By Getting several offers from different banks, you force them to compete by lowering their interest rates and fees.

The fastest way to do this is by filling out one simple form with LendingTree Mortgage Loans The Lending Tree Network has some of the biggest and best mortgage companies in the country.

Once you submit your free request form you will start receiving low mortgage offers in a flash. Then you can start comparing, contrasting and negotiating the lowest mortgage possible.

Now, let LendingTree.com show you rates better than the national average

Offering mortgage Refinance rates in: Alabama, Alaska, Arizona, Arkansas, California, Colorado, Connecticut, Delaware, Florida, Georgia, Hawaii, Idaho, Illinois, Indiana, Iowa, Kansas, Kentucky, Louisiana, Maine, Maryland, Massachusetts, Michigan, Minnesota, Mississippi, Missouri, Montana, Nebraska, Nevada, New Hampshire, New Jersey, New Mexico, New York, North Carolina, North Dakota, Ohio, Oklahoma, Oregon, Pennsylvania, Rhode Island, South Carolina, South Dakota, Tennessee, Texas, Utah, Vermont, Virginia, Washington, West Virginia, Wisconsin, Wyoming.

How To Talk To A Mortgage Broker

June 17, 2009 · Posted in Helpful Mortgage Articles · Comment 

How To Talk To Mortgage Brokers And Loan Officers About FHA Loans

Fha mortgage loan refinance

Before you even begin to talk to a mortgage broker or mortgage lender about an FHA loan you should have all your ducks in a row. Now more than ever, it is more difficult to get approved for a home loan or a mortgage refinance. Therefore, if you follow these steps, you will have an easier time with the mortgage process.

Things To Ask Your Mortgage Broker Or Loan Officer.

  1. Discuss all the types of FHA or government loans that are available with your loan officer including types of loans, and types of documentation required. If you need a bad credit refinance, this is very important.
  2. Tell your loan officer that you will only take a fixed rate FHA mortgage out.
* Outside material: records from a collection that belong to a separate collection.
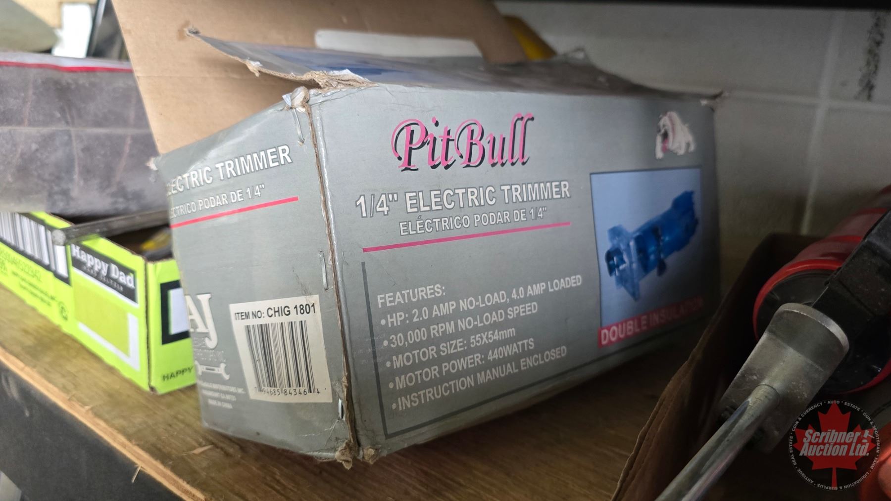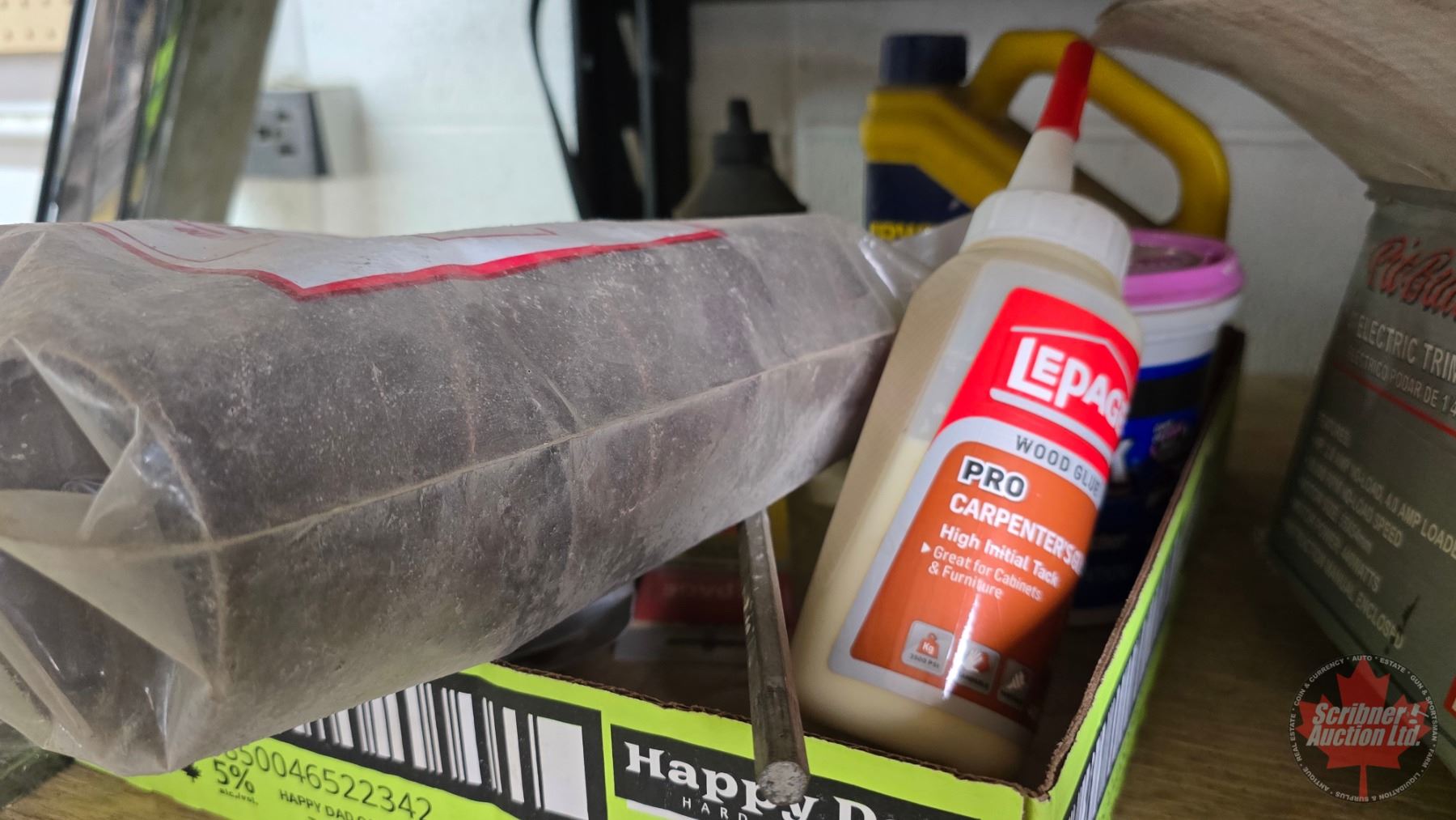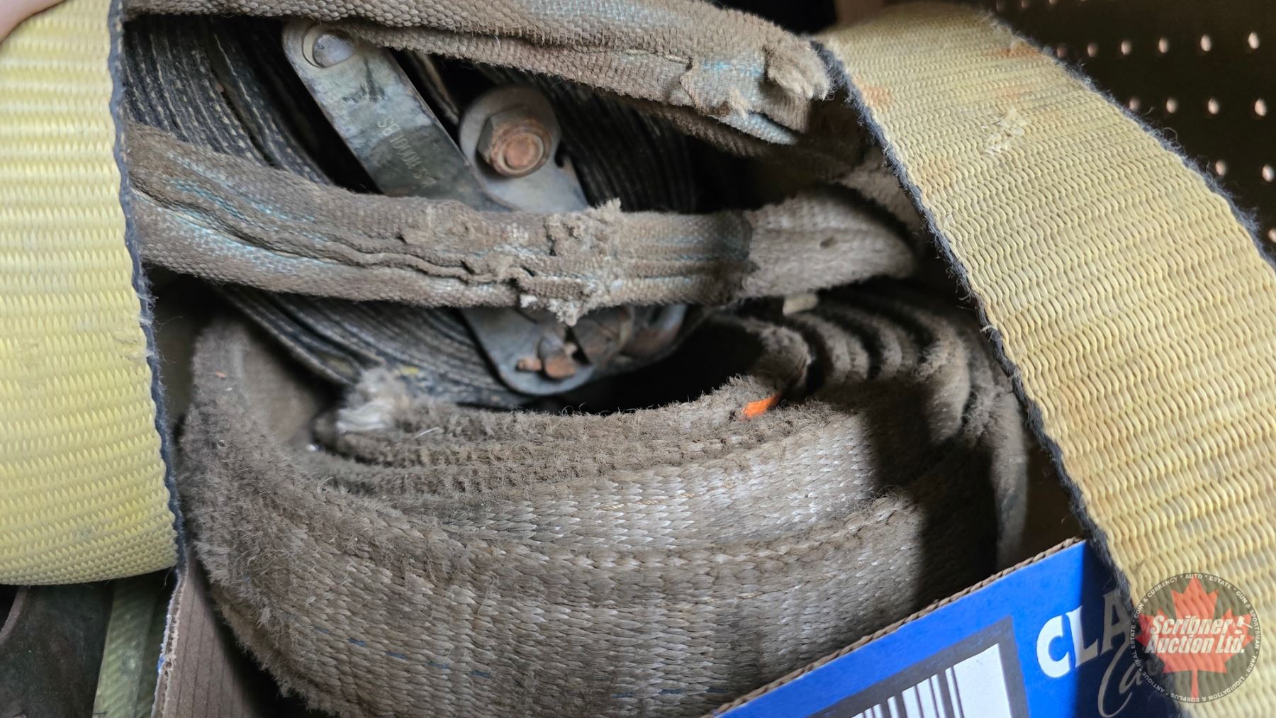 Grouping: Ratchet Straps; Yardworks Battery; Paint Troughs; Silicone Gun & Silicone; Electric Charger; Trimmer; etc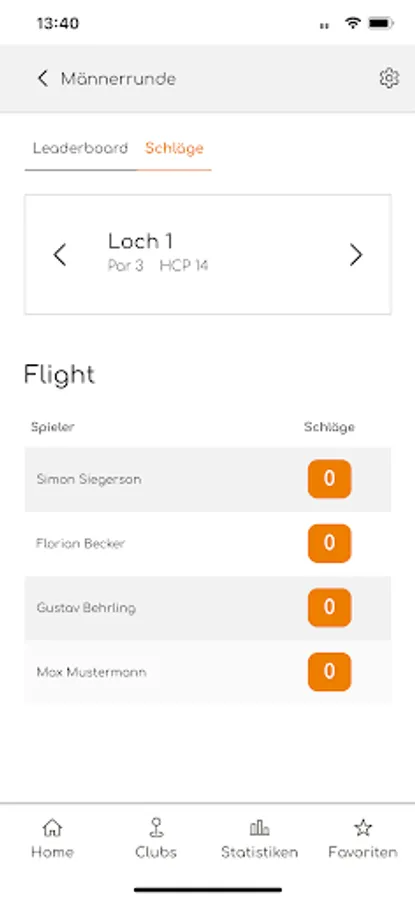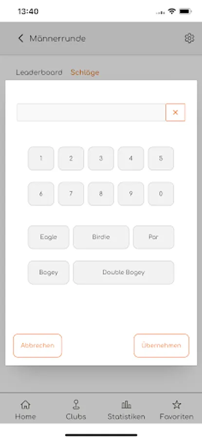 click. click. score. The input mask for recording your shots has been optimized for your needs: You indicate whether you played a birdie, par or a bogey. Of course you can also enter the shots for your fellow players.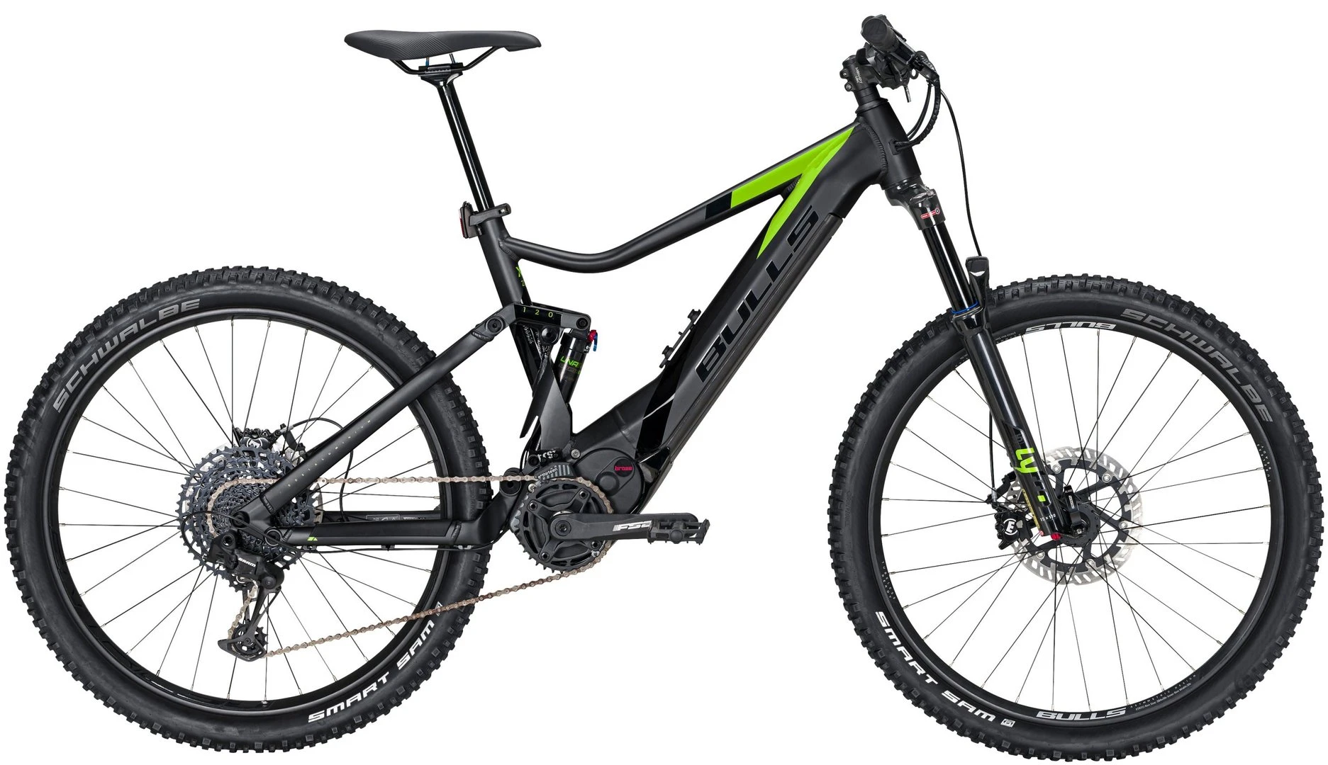 Hydroforming Alu-Rahmen, Lytro 34 LOR Air Federgabel, Suntour Unair TR LO-R8 Dämpfer, 120mm Federweg vorne und hinten, Deore Schaltwerk und Schalthebel, 11-42 Zahnkranz, Tektro HD-M275 Bremsen (180/180mm), Bulls AS-30T Disc Felgen, Brose Mittelmotor Drive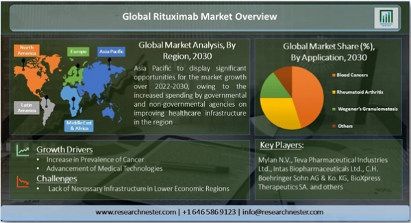 さらに、強力な臨床試験、または製品パイプライン、および新しい医薬品市場のプレーヤーの参入も、予測期間中に市場の成長を大幅に後押しすると予想されます。さらに、リツキシマブは、特発性血小板減少性紫斑病、尋常性天疱瘡、重症筋無力症、エプスタインバーウイルス陽性粘膜皮膚潰瘍、特定の自己免疫疾患および癌の種類の治療に使用され、長年にわたって需要が高まると推定されています。さらに、バイオシミラーの使用に関する意識の高まり、および政府によるヘルスケアへの多額の投資は、市場の成長を推進すると推定されています。

Right now, mortgage interest rates are at or near historic lows. Obtaining anything other than a fixed rate mortgage now would be contrary to rational thinking.
  3. Ask your loan officer exactly what documentation will be needed for your FHA loan before you begin the application process. Having all your needed documents up front will avoid delays and speed up the process.
  1. Ask your loan officer what exactly his or her fees are. Then ask if they are negotiable. Hint, they are almost always negotiable.
  2. If your loan officer tries to sell you on a loan that seems to good to be true it most defiantly is so run the other way. FHA loans should be straight toward.
  3. Ask how long the process will take. A loan should not have to take more than 30 or 45 days.
  4. Tips

    • Don’t let your loan officer try to lend you more than you think you can comfortably pay back every month. You want to feel very confident that you can repay your loan easily without stress.
    • Get Several offers from different lenders. This will insure that your are getting the best deal.

    To Instantly get for different interest rate quotes from four different lenders, we recommend
    LendingTree Mortgage Loans . Their rates beat the national average.